The start capacitor is an electrolytic capacitor, period. However, an electrolytic capacitor designed specifically for DC circuits does have design changes as you mention. The start capacitor is considered expendable and it has a known life span, similar to an incandescent light bulb having so many energized times before it is expected to expire. It's encased in a Bakelite type plastic shell with safety designs to minimize it exploding in an attempt to keep them inexpensive. The run capacitor by design should last indefinitely however the materials used obviously give it a shorter life cycle, they eventually go but the anticipated life span is not projected. Staying with the PCB filled capacitor, the PCB does act as an insulator but not totally because of ripple currents expected in an AC circuit by nature, there is anticipated leakage through the substance. That leakage is known to happen and utilized in the design of the capacitor. It actually is what initiates the aluminum chloride gas around the electrodes eliminating electron flow for that half cycle. As the capacitor discharges and again builds for the second half of the wave commences, the process repeats itself with opposite polarities for that split second. You will be hard pressed to find very detailed instruction on that aspect in most technical or application type instruction, such as HVAC. You'll get a brief description of how they are constructed, their characteristics and how they work then more time on their function and troubleshooting. I did an extensive search of the web in hopes of finding some of the detailed design information about capacitors, as would be found in a textbook on them. I basically only saw the same high level descriptions as have been given here but nothing real in depth. It may have been a mistake to introduce a more drilled down version but I hope someone got something from it.

"That leakage is known to happen and utilized in the design of the capacitor. It actually is what initiates the aluminum chloride gas around the electrodes eliminating electron flow for that half cycle."

just plain old wrong.

Leakage in ANY capacitor is a DEFECT.
It directly decreases the effectiveness of the capacitor and lead to heating of the capacitor.

Leakage current is NOT what a capacitor uses to function or appear to conduct current.

You do not need (or really want) leakage in any capacitor.

PCB capacitors have not been made for MANY years.
They are far more of a historical artifact.

I respect information you offer and consider you knowledgeable, even though it is often critiquing others posts instead of originality but in this case, leakage in the examples I gave is NOT plain wrong and if you believe that, you need to go wherever you need to go, to find out more about it. You are correct as far as an electrolytic capacitor, you don't WANT leakage. The problem is, you HAVE leakage and after so many starts, the capacitor dies, it is predictable. In the example of the run capacitor I gave, that leakage is put to work to enhance the capacitor's function. And as I explained and the time of expiration is not predictable.
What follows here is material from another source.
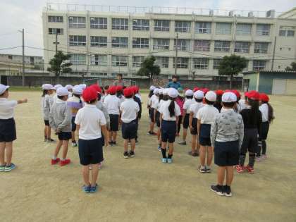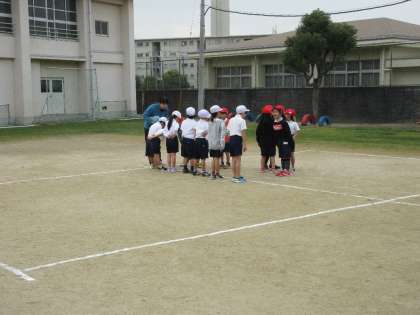 集合で持ち物や整列の指導を受けましたね、気を付けましょう。今日は、4つに分かれて、ドッジボールをしました。

You're right, they haven't been made in a FEW years. But there are many millions of units in use and air handlers and a myriad of other equipment that have them. There are still many of them being used as replacements and it is perfectly legal to do so. It is a common complaint here and on other sites all over, the casing is swollen and a substantial amount of liquid leaking out. The example was much easier to explain, to give a novice an idea of what goes on inside the capacitor and why they go up.

Newer run capacitors are made more along the lines of an electrolytic capacitor but the dielectric is not PCB. Their life span is predictable albeit, theoretically longer than a start capacitor. I've seen many of the earlier ones die long before the start capacitor but they are improving them.